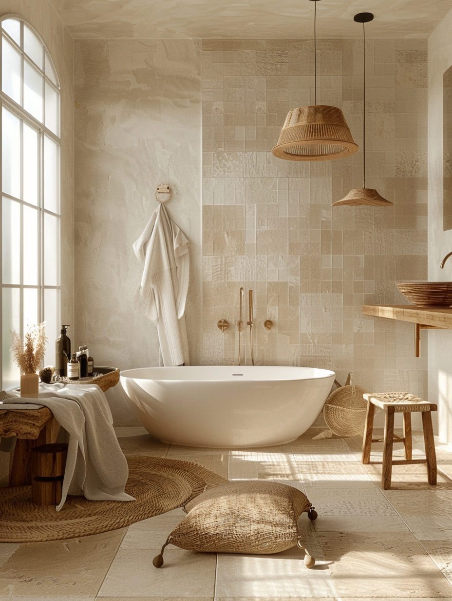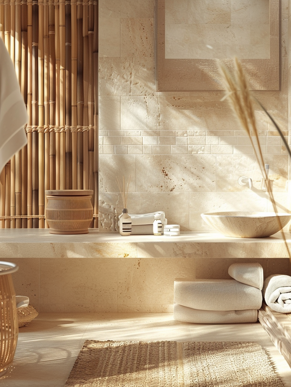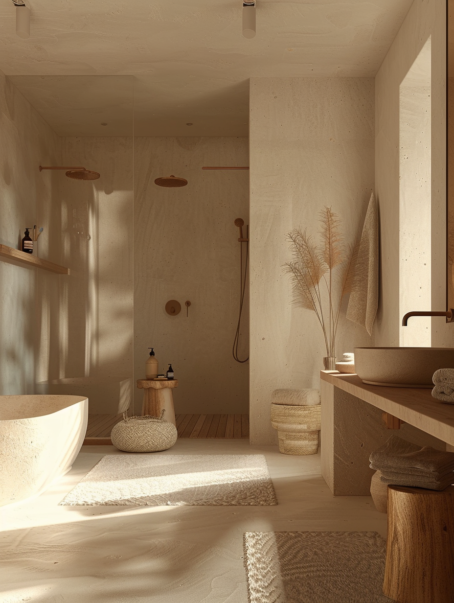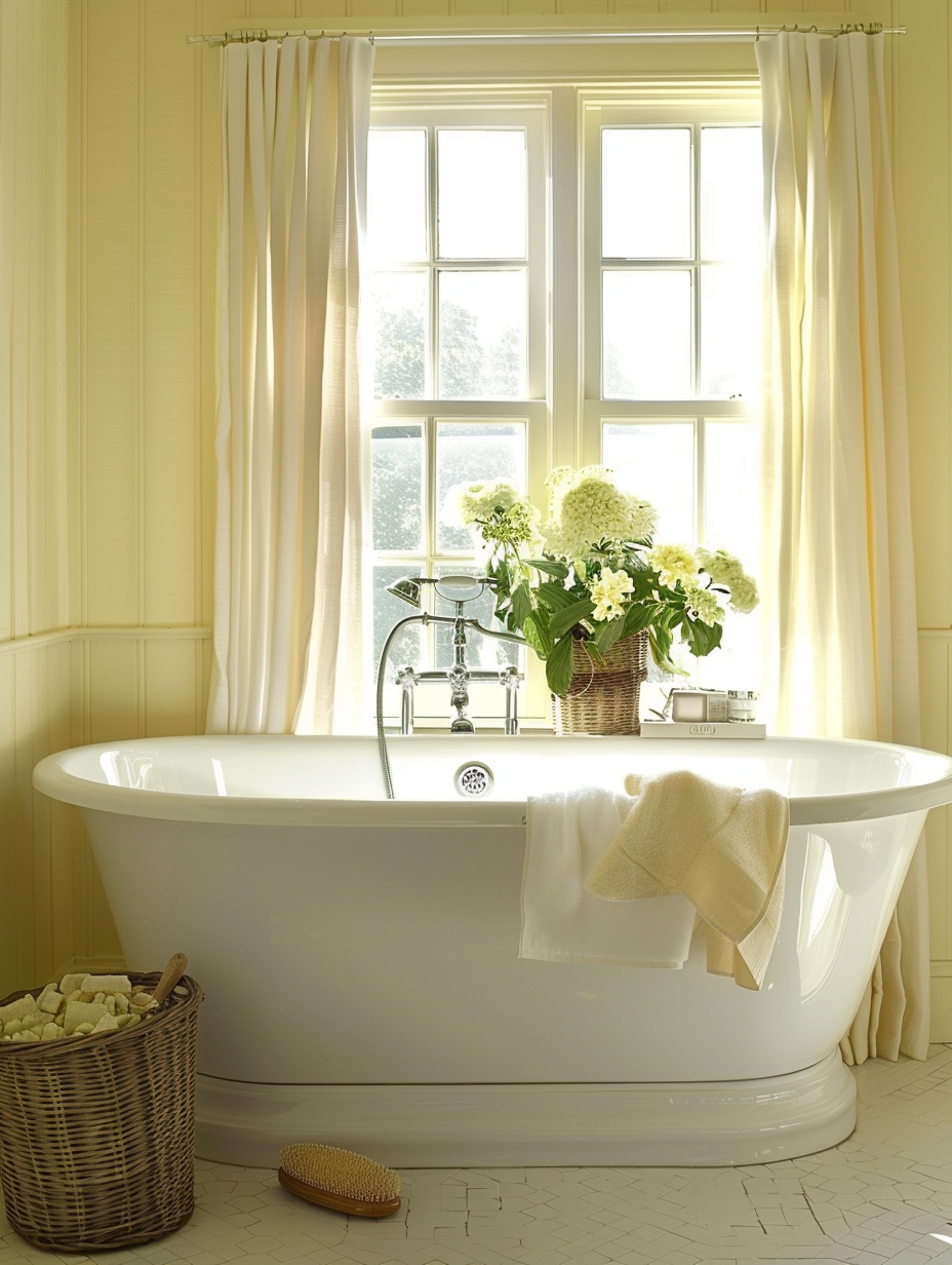 By using light, the cheerfulness and liveliness of the bathroom are brought out. Through the blending of Soft yellow walls, white fittings and wood features linked with nature a vivid and sunny space is produced. Such a space may be more animated by including fresh flowers, wicker baskets, and light-colored curtains. This concept is well-suited for anyone looking to have a warm and welcoming bathroom.
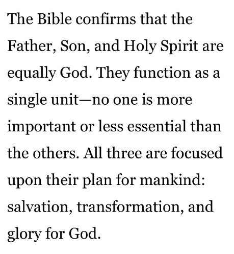 聖書は、父、子、聖霊が等しく神であることを確認しています。三者は一つのユニットとして機能し、誰かが他の者よりも重要であったり、重要でなかったりすることはありません。三者とも、人類のための計画、すなわち救い、変革、そして神の栄光に焦点を合わせています。
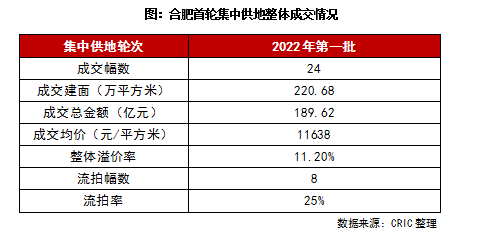 3月17-25日,合肥新2022年首輪集中供地在經(jīng)歷了一輪延期后最終塵埃落定,本次土拍合計(jì)成交24宗含宅用地(其中2宗為純租賃用房),總成交金額達(dá)189.62億元,成交總建面220.68萬(wàn)平方米。
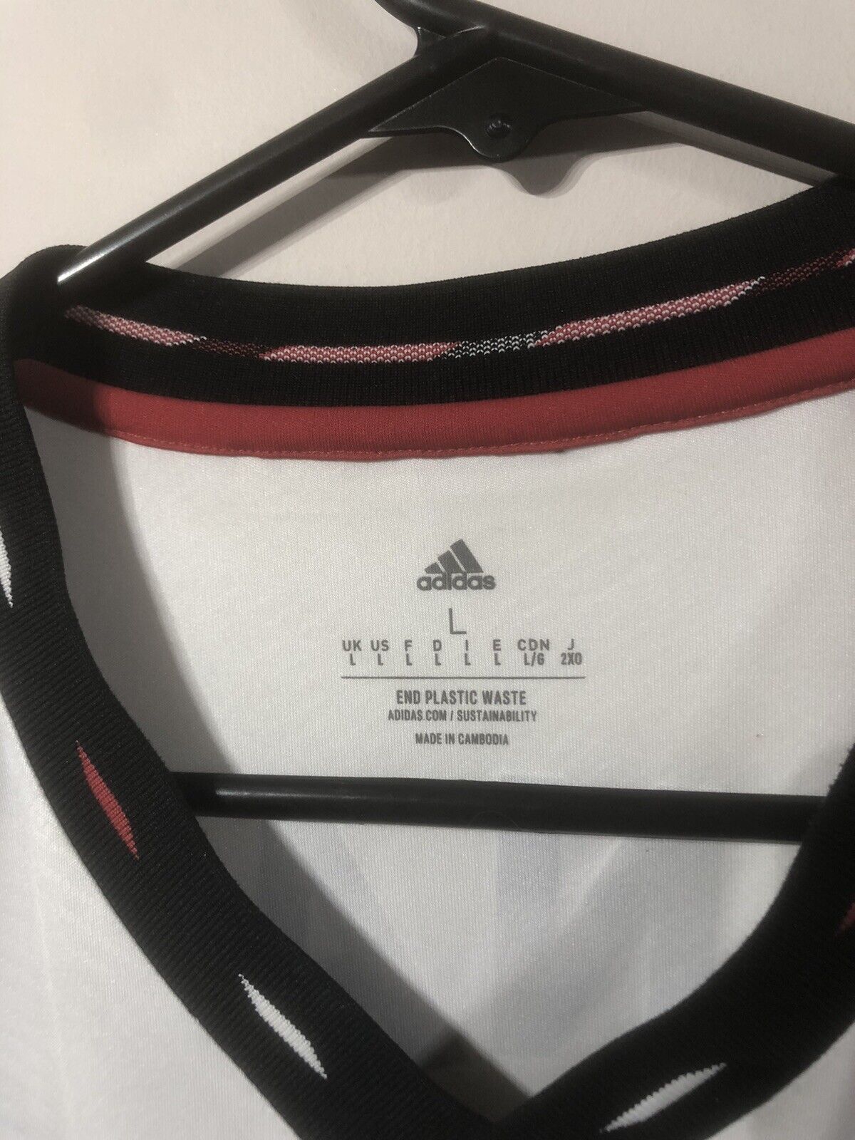 Get ready to score big with this stunning Manchester United away kit shirt! Made by adidas, this large-sized shirt features short sleeves and a bright white colour scheme, making it the perfect choice for any football fan. The shirt is in excellent condition, so you can be sure you're getting a top-quality item.
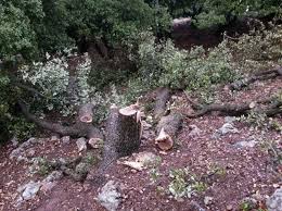 ويُظهر المقطع عددًا من الأشجار التي تعرضت للتقطيع والإتلاف، الأمر الذي يعتبر مساس بالثروة الوطنية والبيئية.
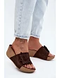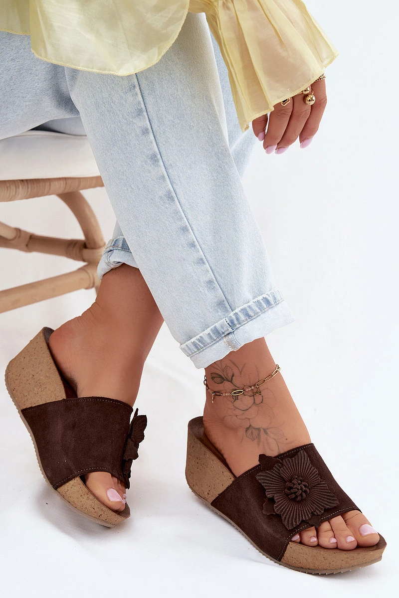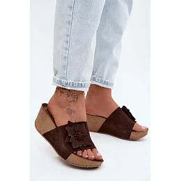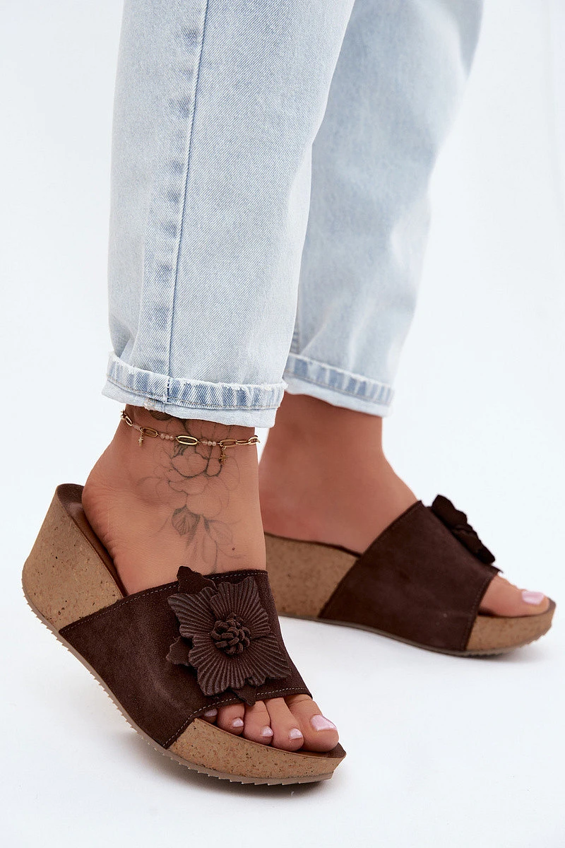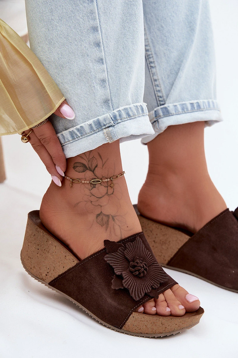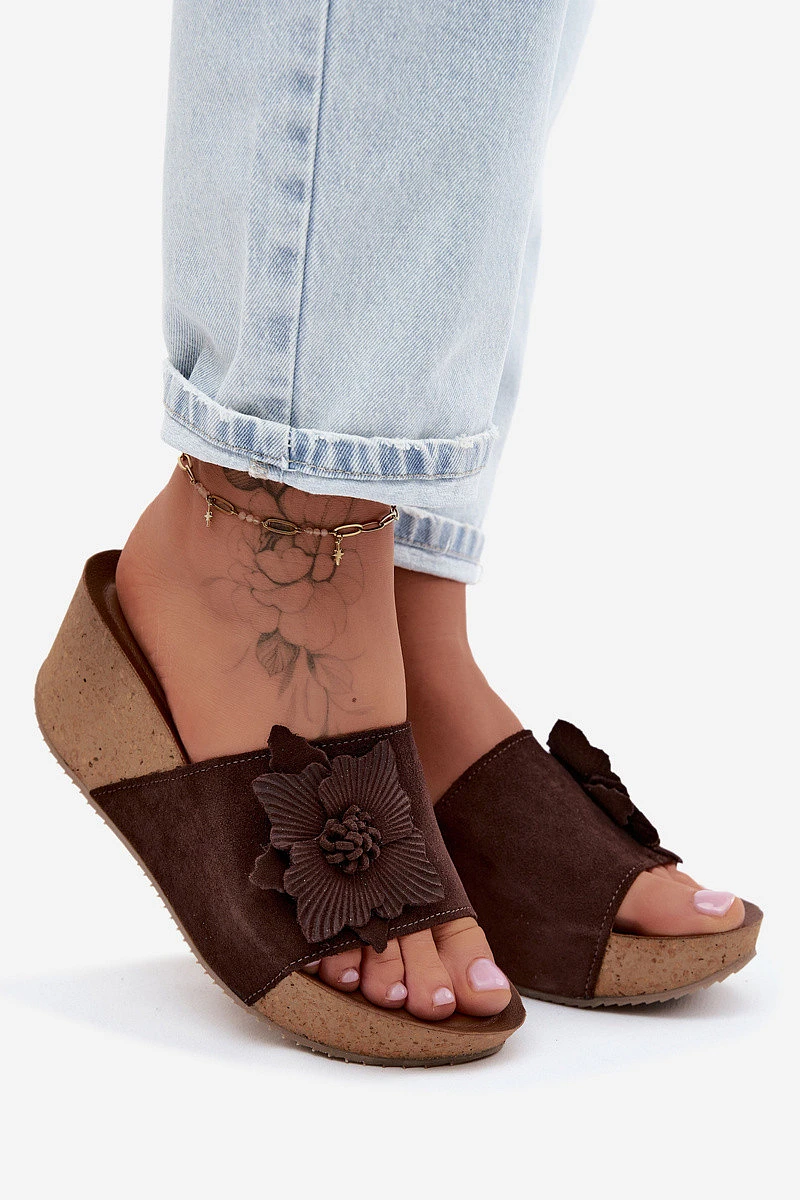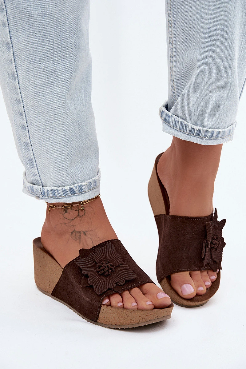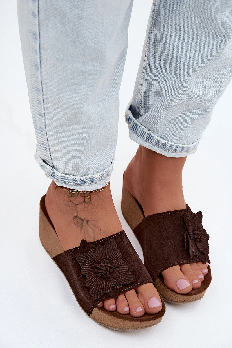 Kožené semišové dámské pantofle na platformě s ozdobným květinou Zazoo 40312 Hnědé
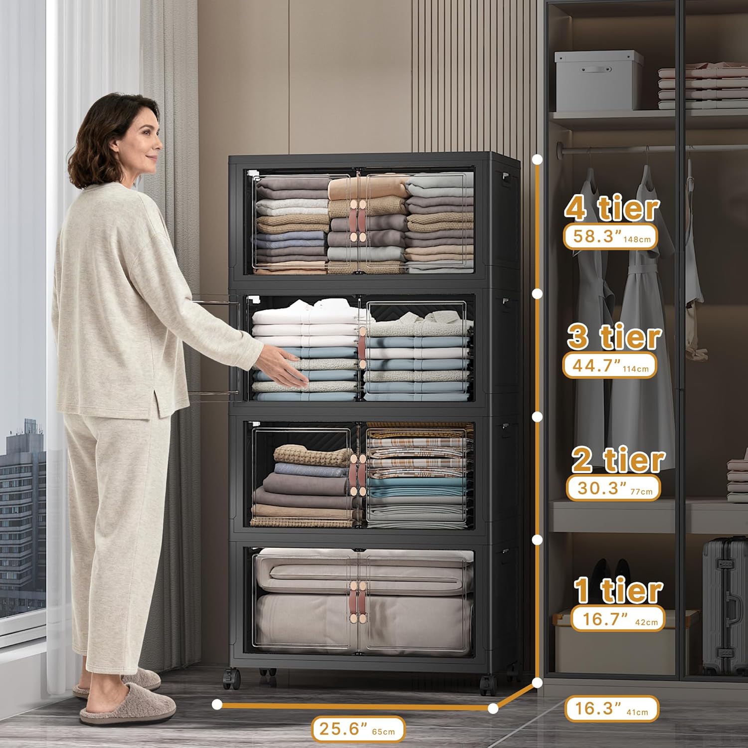 Extra Large Stackable Storage Bins with Lids & Wheels & Door, 896QT-112QT/28GAL*8Pack Foldable Collapsible Closet Organizers, Plastic containers drawers for bedroom Dorm
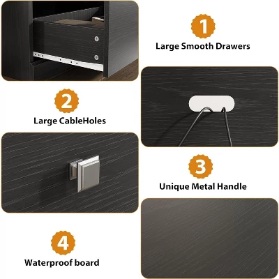 - CABLE MANAGEMENT: This entertainment stand features 3 metal handles for a sophisticated touch. The drawers open smoothly and quietly for easy access, keeping your space organized and clutter-free. With 3 cable holes at the back, this tv entertainment center effectively conceals cables for a tidy, streamlined appearance
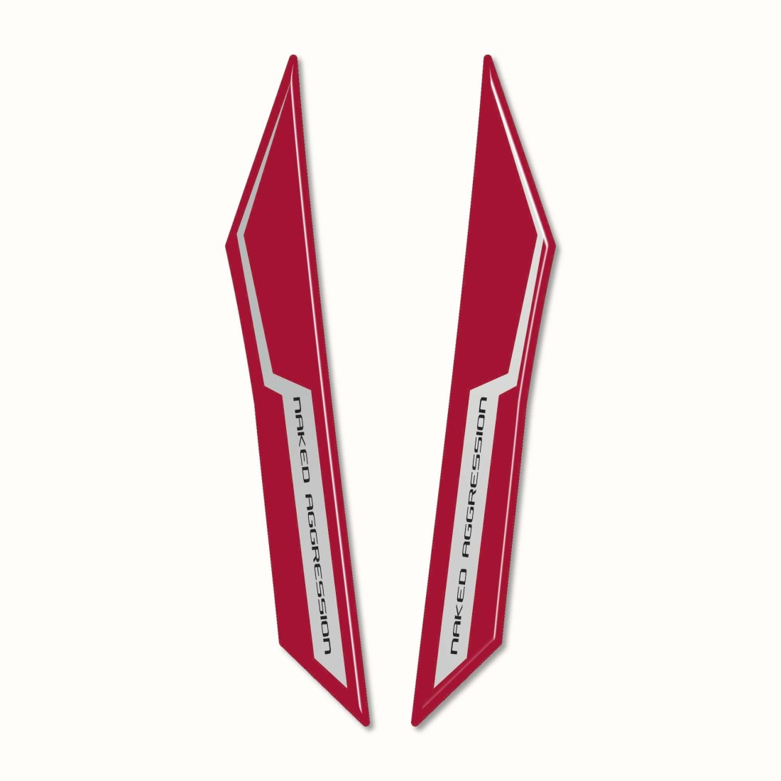 Adhesive 3D protectors compatible with Suzuki GSX-S1000 from 2024. Resin motorbike sticker ideal for protecting and decorating the front mudguard of your Suzuki GSX S 1000. Stickers in white or red with 3D effectglossy surface and Naked Aggression lettering.

○ ○ ○ ○ ○ ○ ○

PROBLEM REQUIREMENTS:
Please write out only the material above, exactly, from its first line through the line that contains "3月17-25日,合肥新20", and include no pictures.

RESPONSE TO THIS TASK:
 By using light, the cheerfulness and liveliness of the bathroom are brought out. Through the blending of Soft yellow walls, white fittings and wood features linked with nature a vivid and sunny space is produced. Such a space may be more animated by including fresh flowers, wicker baskets, and light-colored curtains. This concept is well-suited for anyone looking to have a warm and welcoming bathroom.
 聖書は、父、子、聖霊が等しく神であることを確認しています。三者は一つのユニットとして機能し、誰かが他の者よりも重要であったり、重要でなかったりすることはありません。三者とも、人類のための計画、すなわち救い、変革、そして神の栄光に焦点を合わせています。
 3月17-25日,合肥新2022年首輪集中供地在經(jīng)歷了一輪延期后最終塵埃落定,本次土拍合計(jì)成交24宗含宅用地(其中2宗為純租賃用房),總成交金額達(dá)189.62億元,成交總建面220.68萬(wàn)平方米。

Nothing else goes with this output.